REQUIRED ACTION
From the line containing "本次活动分为两大部分,第一部" to the line containing "Футболка женская летняя" in the records below, set down every line exactly as it stands, both ends included, and skip the pictures.

LISTED ENTRIES
BEGIN

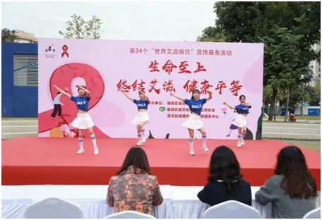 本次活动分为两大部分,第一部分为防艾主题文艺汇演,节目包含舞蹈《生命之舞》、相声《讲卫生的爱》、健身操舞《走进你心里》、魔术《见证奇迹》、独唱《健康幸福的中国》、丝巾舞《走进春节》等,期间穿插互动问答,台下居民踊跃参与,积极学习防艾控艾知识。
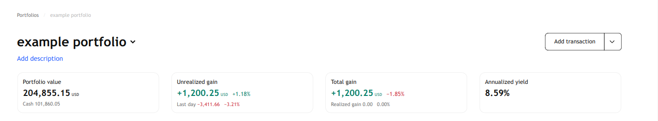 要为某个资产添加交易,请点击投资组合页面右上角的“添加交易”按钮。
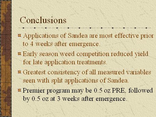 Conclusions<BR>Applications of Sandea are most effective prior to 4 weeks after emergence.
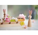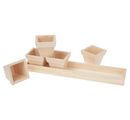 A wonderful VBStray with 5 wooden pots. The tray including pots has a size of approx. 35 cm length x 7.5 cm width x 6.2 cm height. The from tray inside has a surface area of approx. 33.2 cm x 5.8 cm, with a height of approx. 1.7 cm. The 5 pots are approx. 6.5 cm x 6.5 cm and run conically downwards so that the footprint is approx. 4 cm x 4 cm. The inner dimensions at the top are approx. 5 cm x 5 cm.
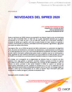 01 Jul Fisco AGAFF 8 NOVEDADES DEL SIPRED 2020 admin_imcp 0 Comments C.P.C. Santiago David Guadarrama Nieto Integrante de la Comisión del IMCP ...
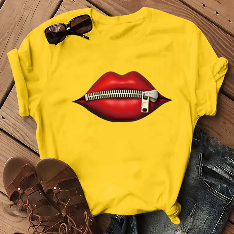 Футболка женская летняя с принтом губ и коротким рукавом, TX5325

END
BEGIN

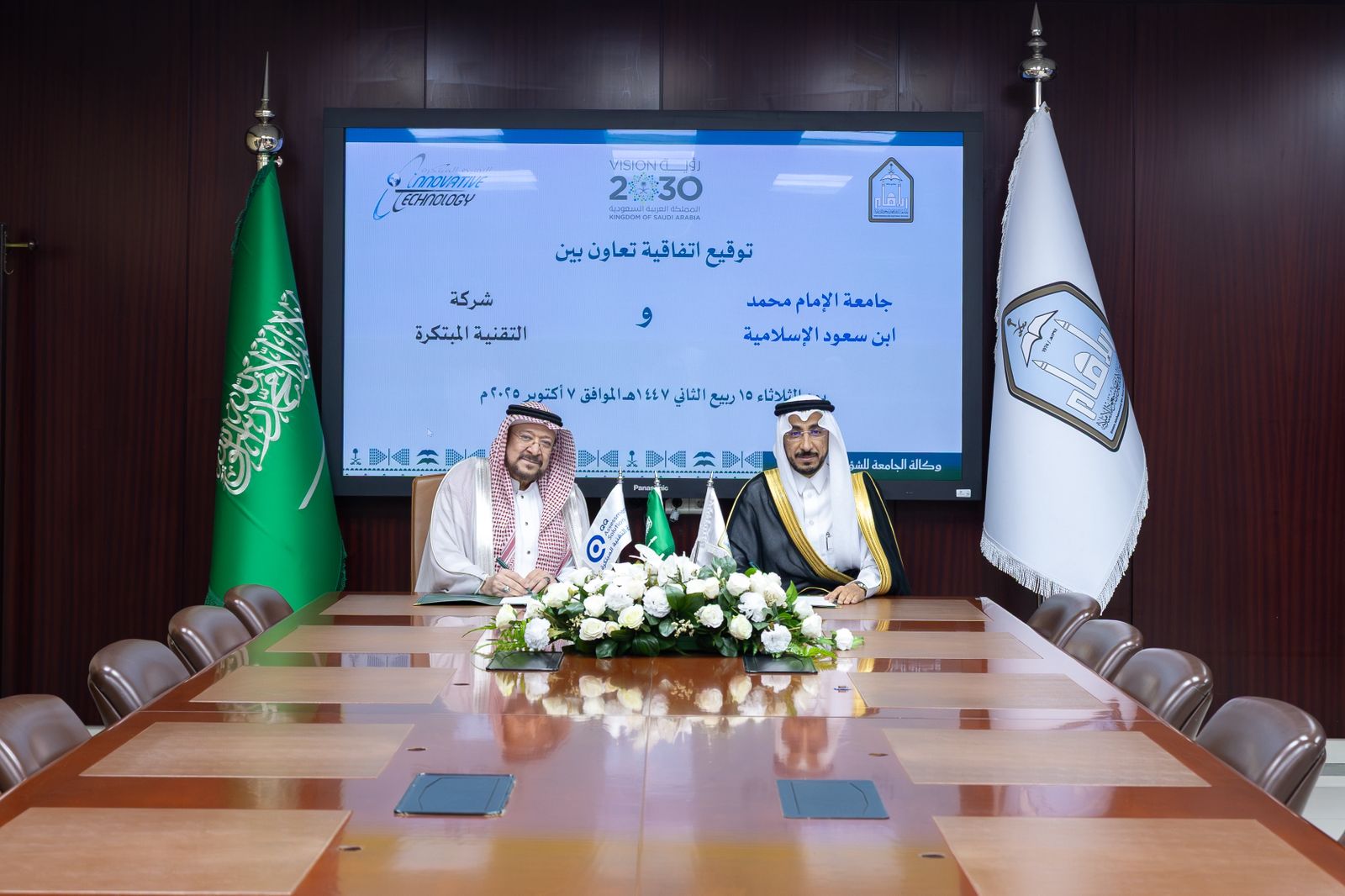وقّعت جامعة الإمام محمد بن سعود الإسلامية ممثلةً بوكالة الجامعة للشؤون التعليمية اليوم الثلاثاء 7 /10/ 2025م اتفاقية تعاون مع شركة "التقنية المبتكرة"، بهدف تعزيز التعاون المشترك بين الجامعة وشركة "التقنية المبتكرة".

END
BEGIN

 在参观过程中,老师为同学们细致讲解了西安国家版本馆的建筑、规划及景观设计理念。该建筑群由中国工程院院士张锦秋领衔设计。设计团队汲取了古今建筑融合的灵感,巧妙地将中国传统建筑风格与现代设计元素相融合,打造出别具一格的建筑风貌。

END

OUTPUT OF THE EXERCISE
 本次活动分为两大部分,第一部分为防艾主题文艺汇演,节目包含舞蹈《生命之舞》、相声《讲卫生的爱》、健身操舞《走进你心里》、魔术《见证奇迹》、独唱《健康幸福的中国》、丝巾舞《走进春节》等,期间穿插互动问答,台下居民踊跃参与,积极学习防艾控艾知识。
 要为某个资产添加交易,请点击投资组合页面右上角的“添加交易”按钮。
 Conclusions<BR>Applications of Sandea are most effective prior to 4 weeks after emergence.
 A wonderful VBStray with 5 wooden pots. The tray including pots has a size of approx. 35 cm length x 7.5 cm width x 6.2 cm height. The from tray inside has a surface area of approx. 33.2 cm x 5.8 cm, with a height of approx. 1.7 cm. The 5 pots are approx. 6.5 cm x 6.5 cm and run conically downwards so that the footprint is approx. 4 cm x 4 cm. The inner dimensions at the top are approx. 5 cm x 5 cm.
 01 Jul Fisco AGAFF 8 NOVEDADES DEL SIPRED 2020 admin_imcp 0 Comments C.P.C. Santiago David Guadarrama Nieto Integrante de la Comisión del IMCP ...
 Футболка женская летняя с принтом губ и коротким рукавом, TX5325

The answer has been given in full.